• _Records for this exercise_:
·····
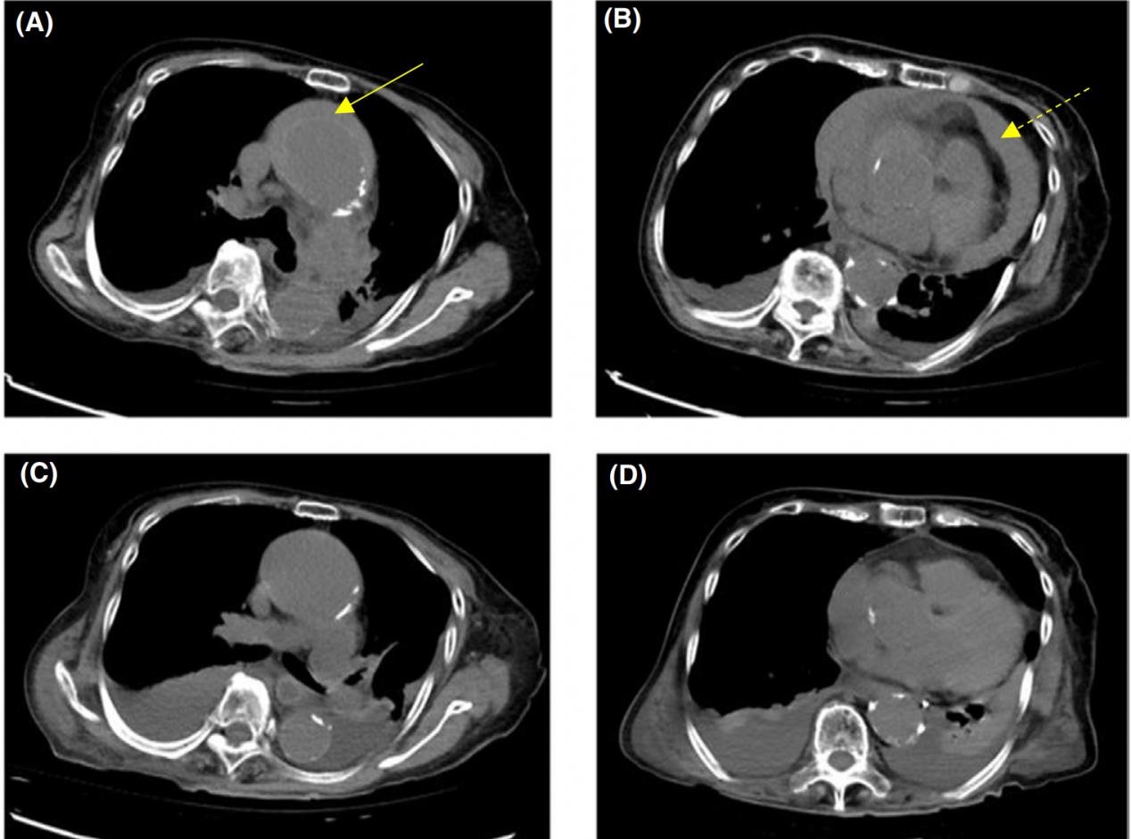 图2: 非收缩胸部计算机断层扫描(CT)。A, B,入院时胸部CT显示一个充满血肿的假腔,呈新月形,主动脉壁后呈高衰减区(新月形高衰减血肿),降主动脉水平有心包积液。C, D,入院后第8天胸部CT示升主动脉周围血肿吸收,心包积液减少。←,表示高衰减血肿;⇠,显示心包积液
·····
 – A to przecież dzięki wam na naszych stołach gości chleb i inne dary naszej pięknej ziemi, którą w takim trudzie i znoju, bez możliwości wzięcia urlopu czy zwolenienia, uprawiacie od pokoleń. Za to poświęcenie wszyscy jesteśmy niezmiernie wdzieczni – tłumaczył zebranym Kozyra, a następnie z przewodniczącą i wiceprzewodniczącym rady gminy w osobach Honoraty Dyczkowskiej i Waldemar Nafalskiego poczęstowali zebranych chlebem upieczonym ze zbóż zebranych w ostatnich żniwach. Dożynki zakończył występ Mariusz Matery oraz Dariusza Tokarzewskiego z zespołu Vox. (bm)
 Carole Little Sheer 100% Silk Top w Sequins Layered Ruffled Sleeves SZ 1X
·····
• _Task to carry out_: In the entries above, find the line holding "zespołu Vox. (bm)" and the line holding "Carole Little Sheer"; print both of them and every line between, exactly, and nothing else.

• _Answer to this exercise_:
 – A to przecież dzięki wam na naszych stołach gości chleb i inne dary naszej pięknej ziemi, którą w takim trudzie i znoju, bez możliwości wzięcia urlopu czy zwolenienia, uprawiacie od pokoleń. Za to poświęcenie wszyscy jesteśmy niezmiernie wdzieczni – tłumaczył zebranym Kozyra, a następnie z przewodniczącą i wiceprzewodniczącym rady gminy w osobach Honoraty Dyczkowskiej i Waldemar Nafalskiego poczęstowali zebranych chlebem upieczonym ze zbóż zebranych w ostatnich żniwach. Dożynki zakończył występ Mariusz Matery oraz Dariusza Tokarzewskiego z zespołu Vox. (bm)
 Carole Little Sheer 100% Silk Top w Sequins Layered Ruffled Sleeves SZ 1X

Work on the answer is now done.